Provided data ::
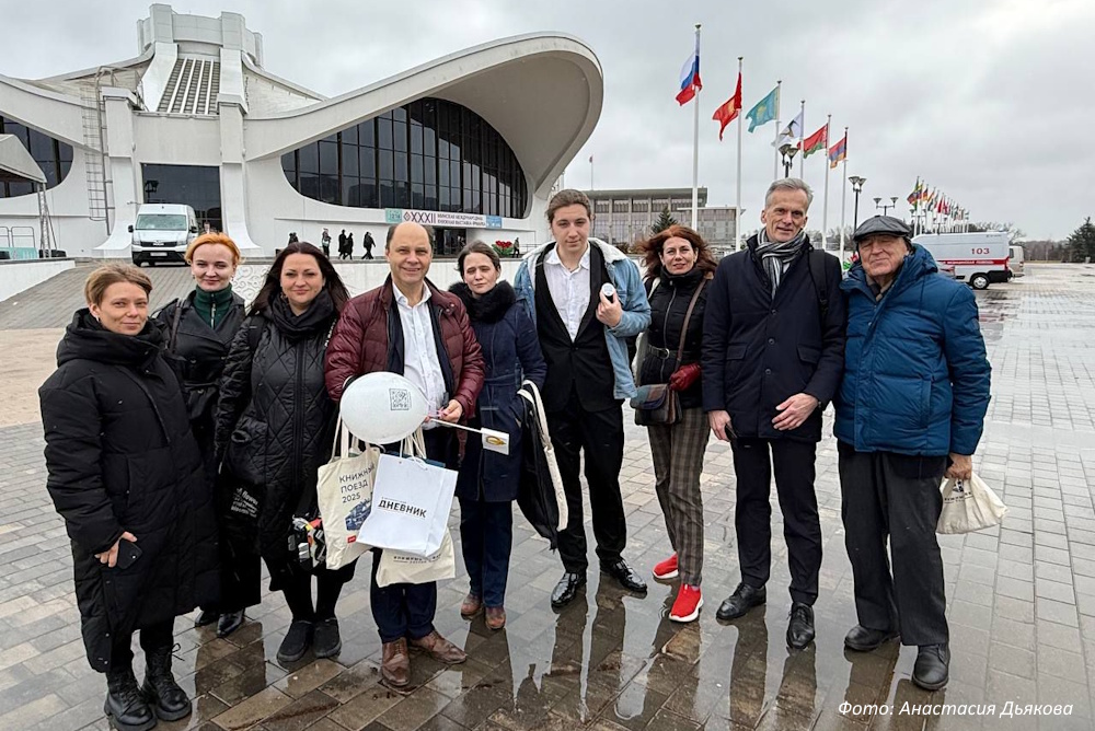 Но основной вклад в российский день – в численном отношении как минимум – сделали писатели, 14 марта приехавшие в Минск на «Книжном поезде». Стартовавший днем ранее в Петербурге проект, приуроченный к 80-летию Победы в Великой Отечественной войне, перед тем как добраться до Москвы, Волгограда и других российских городов, решил заглянуть в столицу Белоруссии. А там его прямо на перроне шумно встретили с музыкой и флагами, заодно опросив под камеры устроителя всего этого счастья – основателя книжной сети «Буквоед» и президента Фестивального движения «Книжные маяки России» Дениса Котова.
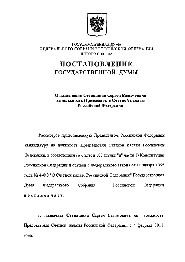 "О НАЗНАЧЕНИИ СТЕПАШИНА СЕРГЕЯ ВАДИМОВИЧА НА ДОЛЖНОСТЬ ПРЕДСЕДАТЕЛЯ СЧЕТНОЙ ПАЛАТЫ РОССИЙСКОЙ ФЕДЕРАЦИИ"
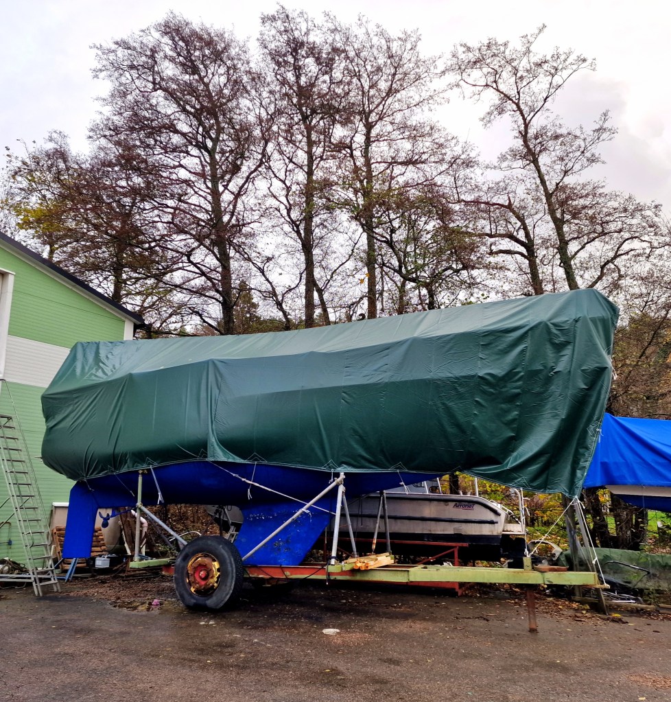 Min båt S/Y Kailani har, för första gången på flera år, tömts och placerats på land. Förhoppningsvis väl inpackad för eventuella vinterstormar.
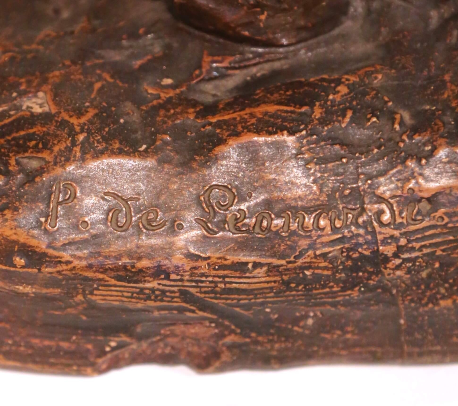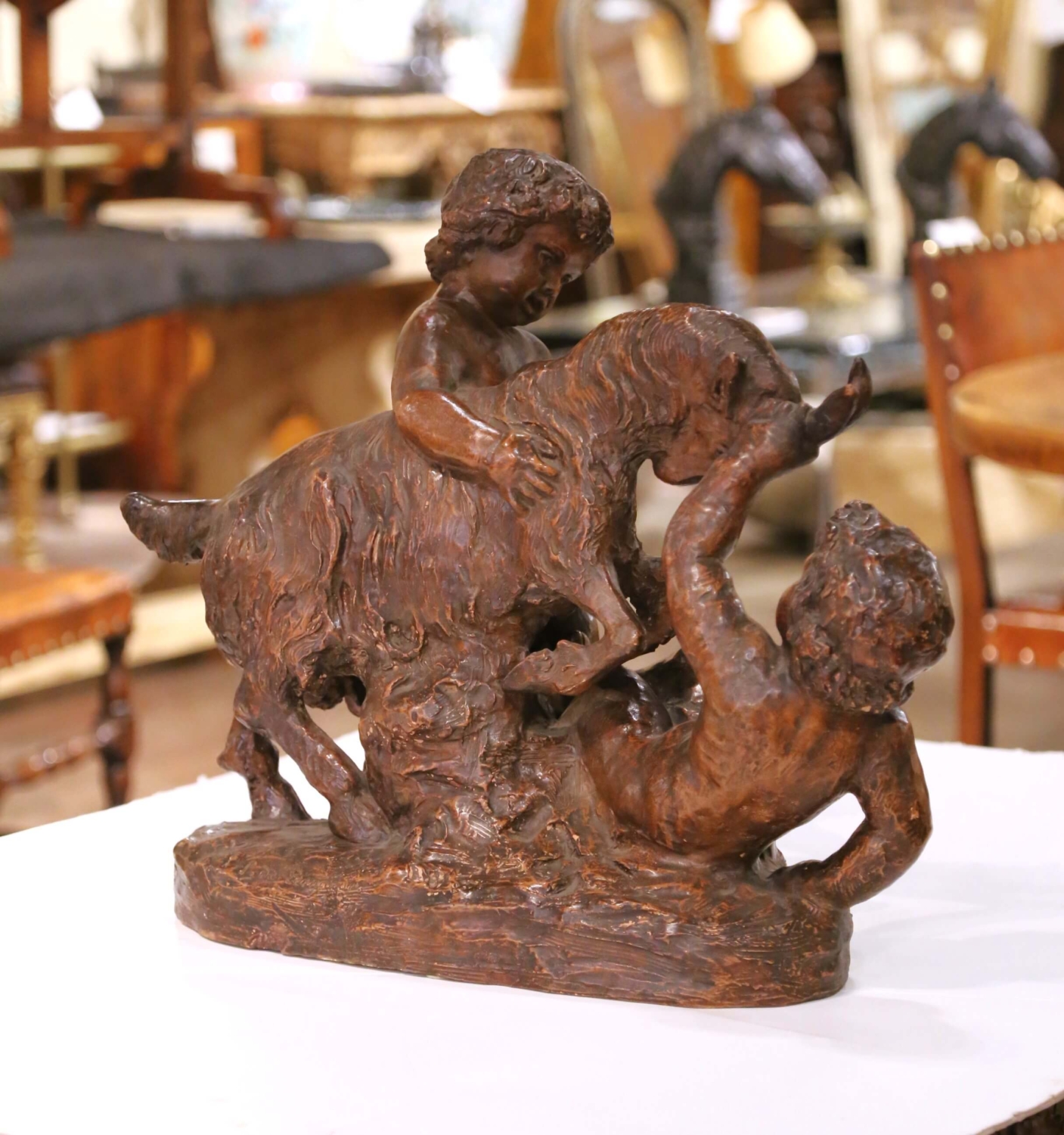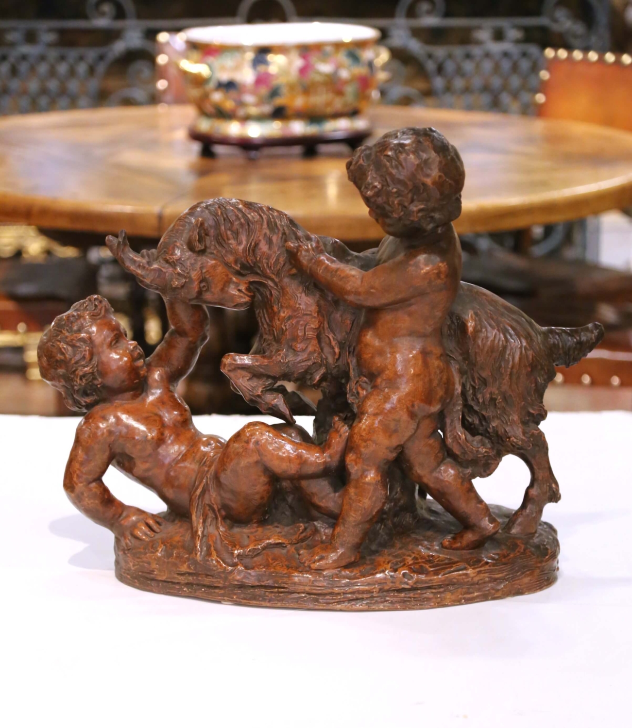 This delightful antique sculpture was crafted in France circa 1890, and depicts two cherubic children at play with a goat in a joyful, animated composition. Sculpted in clay and signed on the base P. de Leonardi, the piece beautifully captures the innocence and vitality of childhood through expressive detail and graceful movement. The richly modeled figures feature softly rounded forms, textured hair, and naturalistic gestures, while the goat is rendered with fine attention to anatomy and flowing fur. The large-scale composition rests on an integral base, its surface exhibiting a warm, deep brown patinated finish that enhances the lifelike modeling and depth of the clay. In excellent condition commensurate with age and use, this 19th-century French sculpture adds warmth and charm to any mantel, console, or tabletop. Pierre de Leonardi (1860-1940) was a French sculptor active in the late 19th and early 20th centuries, known for his romantic and naturalistic representations of childhood and pastoral subjects. Measures: 25″ W × 10.5″ D × 20″ H.

Description of the task :: Return the opening line of the data above and every line after it up to and including the line that holds "Min båt S/Y"; pictures stay out.

Reply ::
 Но основной вклад в российский день – в численном отношении как минимум – сделали писатели, 14 марта приехавшие в Минск на «Книжном поезде». Стартовавший днем ранее в Петербурге проект, приуроченный к 80-летию Победы в Великой Отечественной войне, перед тем как добраться до Москвы, Волгограда и других российских городов, решил заглянуть в столицу Белоруссии. А там его прямо на перроне шумно встретили с музыкой и флагами, заодно опросив под камеры устроителя всего этого счастья – основателя книжной сети «Буквоед» и президента Фестивального движения «Книжные маяки России» Дениса Котова.
 "О НАЗНАЧЕНИИ СТЕПАШИНА СЕРГЕЯ ВАДИМОВИЧА НА ДОЛЖНОСТЬ ПРЕДСЕДАТЕЛЯ СЧЕТНОЙ ПАЛАТЫ РОССИЙСКОЙ ФЕДЕРАЦИИ"
 Min båt S/Y Kailani har, för första gången på flera år, tömts och placerats på land. Förhoppningsvis väl inpackad för eventuella vinterstormar.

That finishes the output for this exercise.